Within SafeGraph Places, the Placekey and parent Placekey columns help identify the physical location of a POI and how it is spatially related to other places. When both components of a Placekey come together, it results in the ‘what’ and the ‘where’ of a specific POI and serves as a join-key to simplify bringing multiple location-based datasets together.
Placekey is a unique and persistent ID tied to an individual POI that simplifies joining location-based datasets from multiple sources. Think of a Starbucks location inside of a shopping mall, that Starbucks will have a unique Placekey because of its geographic location and the type of place it is. Each record in the Places dataset contains a Placekey.
The parent Placekey column, on the other hand, is only populated in rows representing places that are contained by another place. Using the previous example, the Starbucks store inside the mall will have both a Placekey and a parent Placekey, where the Placekey represents the store itself, and the parent Placekey represents the entire shopping mall. This concept of representing how places are related to each other physically is what we call ‘spatial hierarchy.’ Spatial hierarchy metadata appended to SafeGraph Places indicates when a place is standalone, exists within a larger structure, or shares a physical location with another place. Read more about these nested relationships in Working With Locations Inside Other Locations.
Placekey and Parent Placekey denote spatial hierarchy (how places relate to each other), such as a store within a mall.
Location Name, Brands, & SafeGraph Brand ID
To provide the base information about what exists at each geographic location, SafeGraph includes three closely related columns. The location name column delivers the unique name of each place, such as 7-Eleven. Sometimes this matches the value in the brands column, particularly when a location name is simple, like Walmart, and falls under the Walmart brand. However the location name column can differentiate between a Walmart and a Walmart Supercenter, while the brand for that location will still be just Walmart.
The brands field is helpful for seeing entire brand footprints regardless of whether individual locations have different naming conventions. SafeGraph brand IDs also help surface brand relationships by serving as a unique and persistent identifier for different brands. Brand IDs remain the same in the event of a brand renaming itself so as not to break any existing models or queries. For a deeper look at why this matters, see Three Reasons Why Brand Attribution Is Essential to POI Data.

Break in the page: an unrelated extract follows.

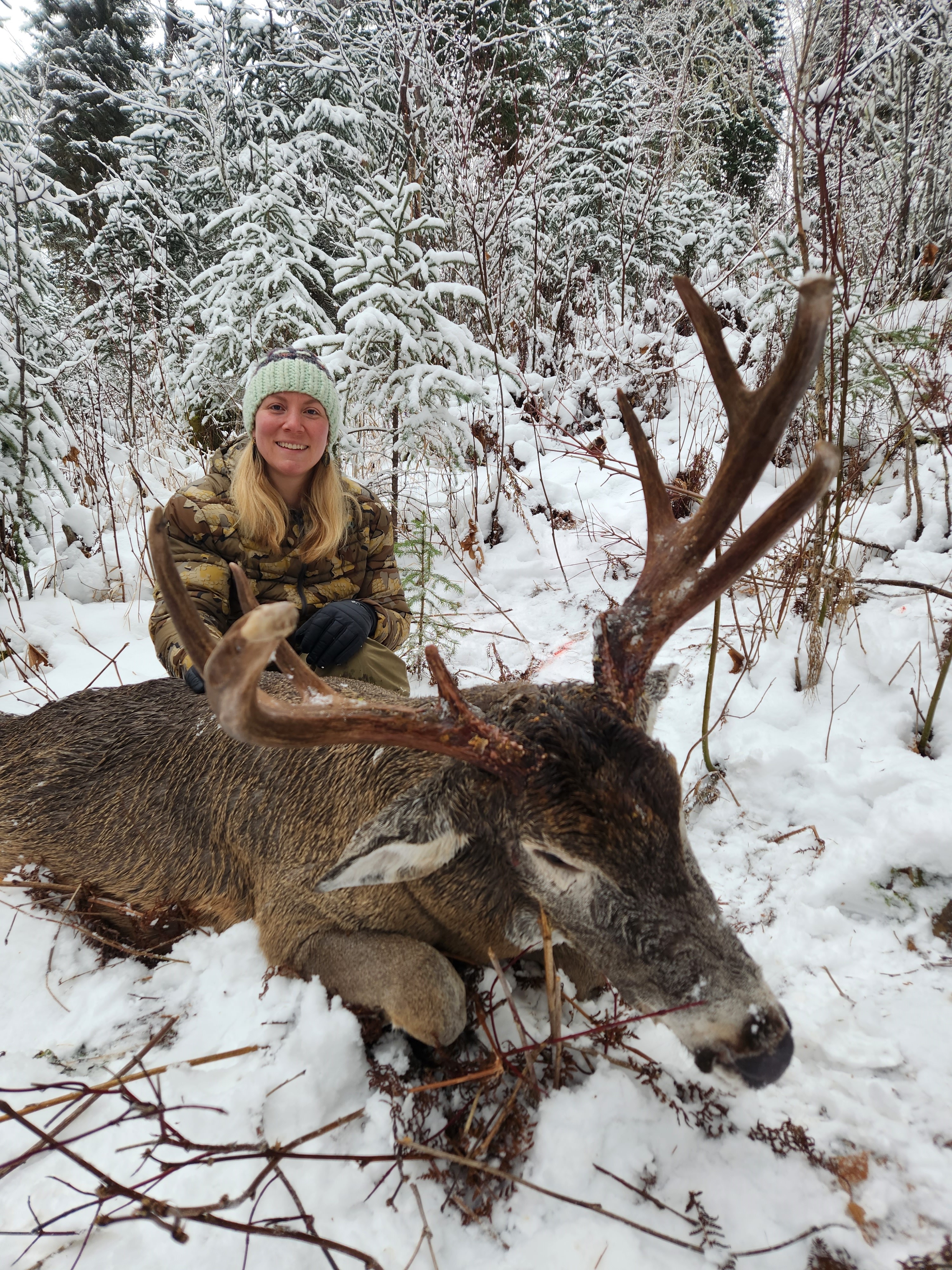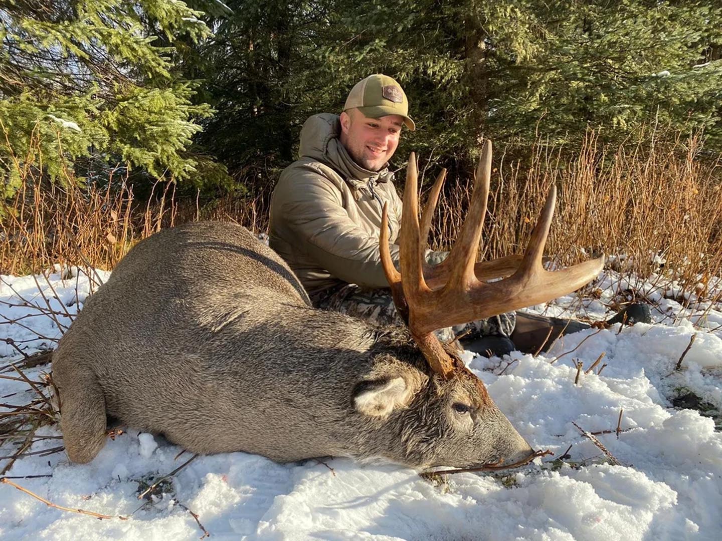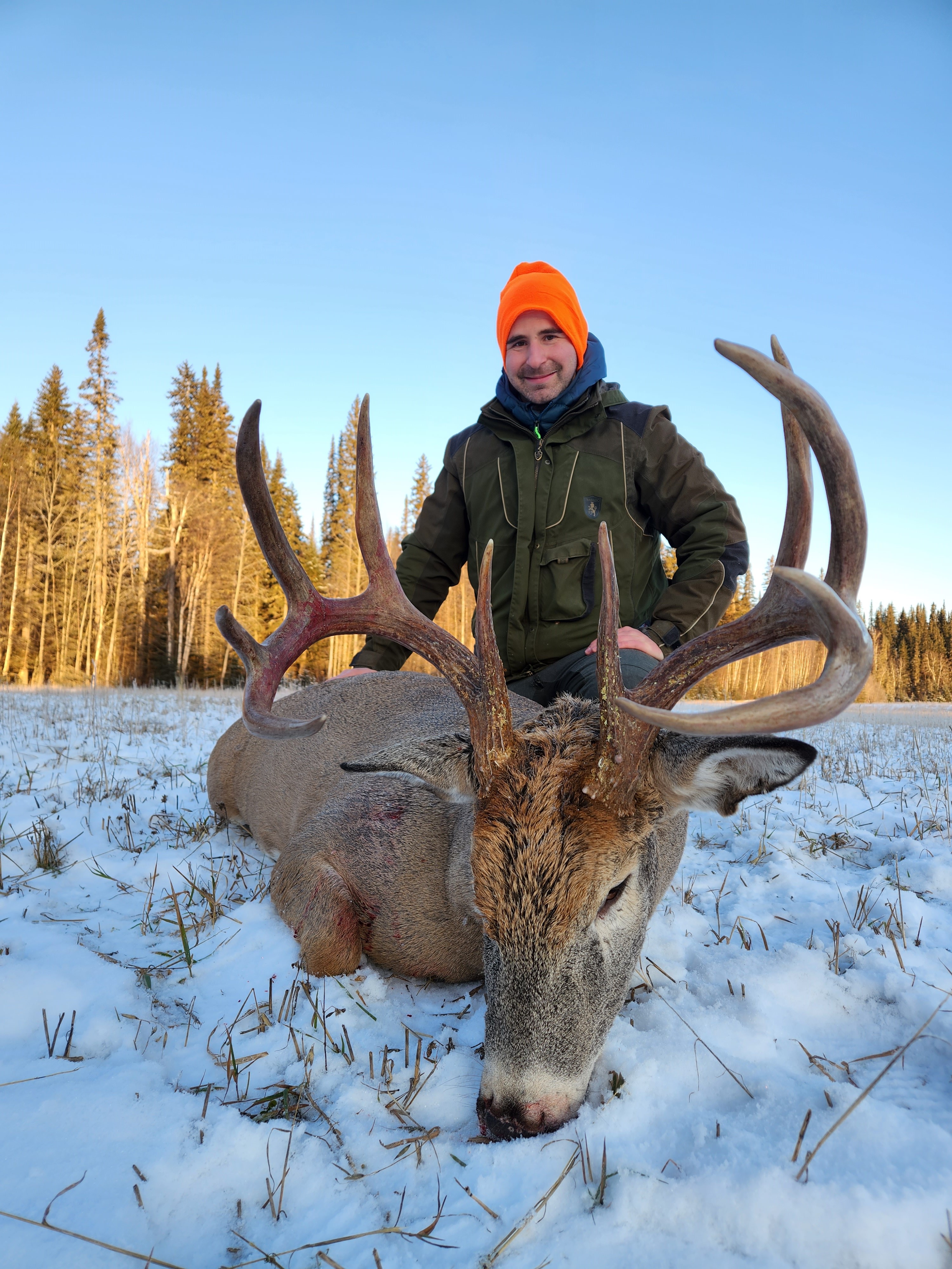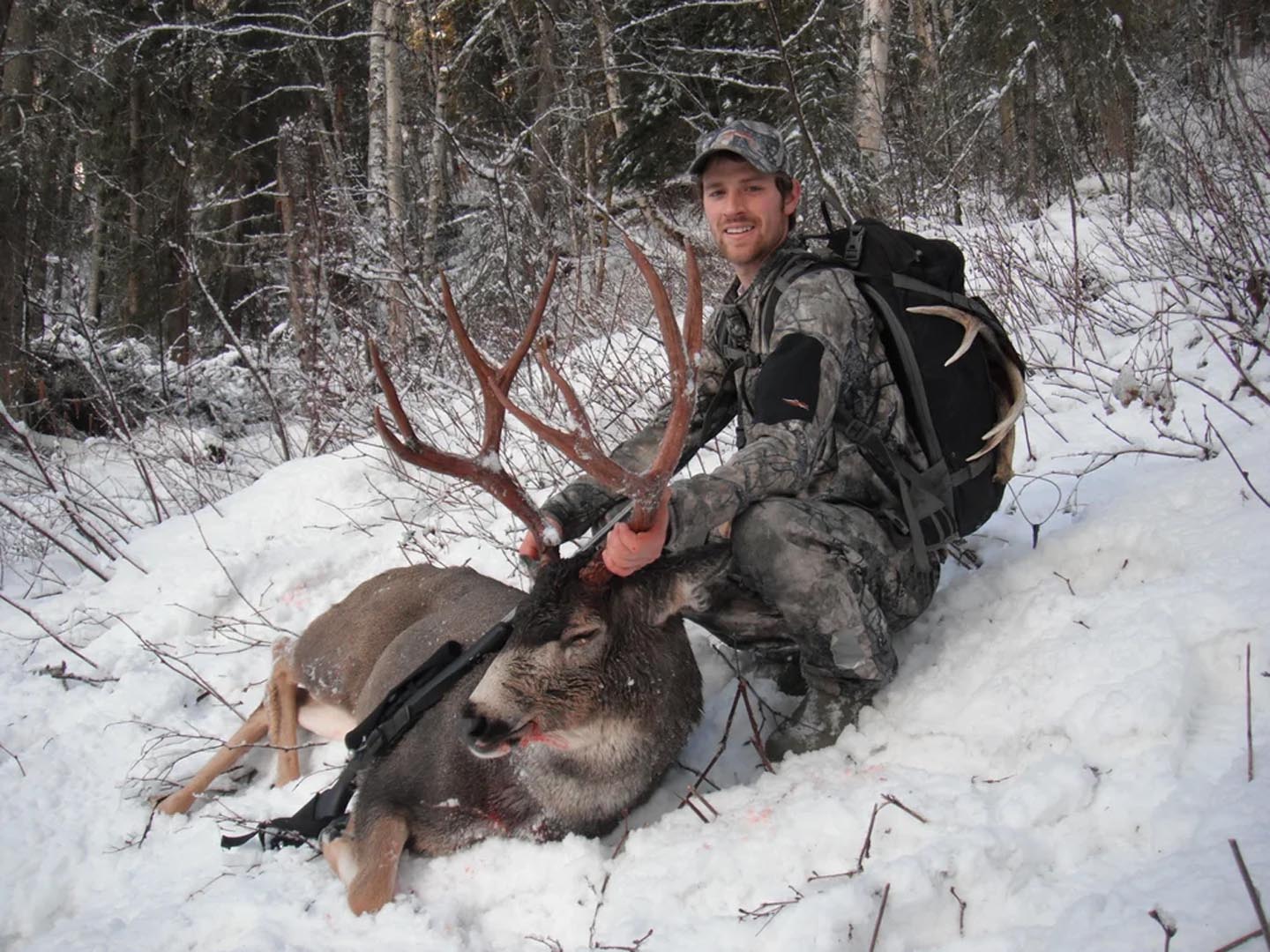 As the snow starts to fall in November the Mule Deer and Whitetail rut gets into full swing and both species can be hunted successfully at the same time. All the Mule Deer that live at high elevation during the summer and early fall are forced into the winter rage this time of year which is the year round home of the Whitetail. This hunt is based out of the cabin camp and is suitable for all hunters regardless of age or any physical limitations. Moose also share the same winter range and can be added on a trophy fee basis.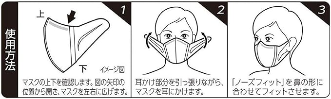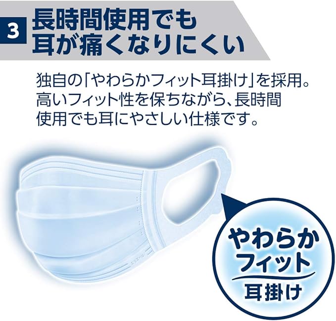 フィット性が高く、長時間つけていても耳が痛くなりにくいマスクです。

SafeGraph brand IDs also detail parent and child brands. Similar to Placekey denoting spatial hierarchy, SafeGraph brand IDs show brand hierarchies. For example, Yum! Brands own multiple restaurant brands, so POIs for those restaurant brand locations will contain a brand ID for that restaurant, and a parent brand ID for Yum! Brands. This takes identifying brand footprints and market landscapes a step further to show how some brands are related to each other, and provides another field option for querying and modeling places data. Learn more about our global brand coverage in Announcing SafeGraph Global Brands.
Every point of interest (POI) in SafeGraph Places includes a location name, but not all records include a brand or brand ID. This is because many places do not belong to a larger brand, such as independent restaurants or local museums. SafeGraph defines a brand as a branded store which has multiple locations all under the same logo or store banner.
Some columns in the Places dataset only apply to certain types of POIs, like Brand and Brand ID. Smaller mom-and-pop store locations or offices will have ‘null’ values in these columns because they do not belong to a larger brand.
While location name, brands, and brand IDs are included in the main file delivered for SafeGraph Places, we include a supplementary brand info file in each delivery to provide the parent brand ID and more brand-specific information. The brand info file is easily joinable to SafeGraph Places through the brand ID column, and includes brand categorization information, stock symbol, stock exchange presence, and lists of which countries the brand currently has opened and closed locations in.
Address Elements & Geographic Coordinates
The Places dataset includes separate columns for the latitude and longitude of each POI to make the data easily mappable. It also has columns for parsed-out address strings, including separate columns for street address, city, region, postal code, and ISO country code. These foundational columns not only locate the points of interest in the physical world (as does Placekey) but also power geocoding services in mapping applications and serve as valuable filters for selecting POIs from specific geographic areas. For considerations specific to non-US markets, see 5 Technical Differences Between US and UK POIs.
Store ID
Store IDs are unique identifiers within a brand for store locations. The store ID column enables users to easily join with other datasets that include store IDs. Most often, this involves transaction information, financial statements, quarterly reports, and first-party company data.
Phone Number, Open Hours, & Website
To provide further foundational context for each POI, the Places dataset includes three columns related to how people can engage with that place: phone number, website, and open hours. These are particularly useful for mapping applications or platforms that surface information to people looking to interact with a place. The open hours column contains specific hours of operation by day in an easily explorable JSON format.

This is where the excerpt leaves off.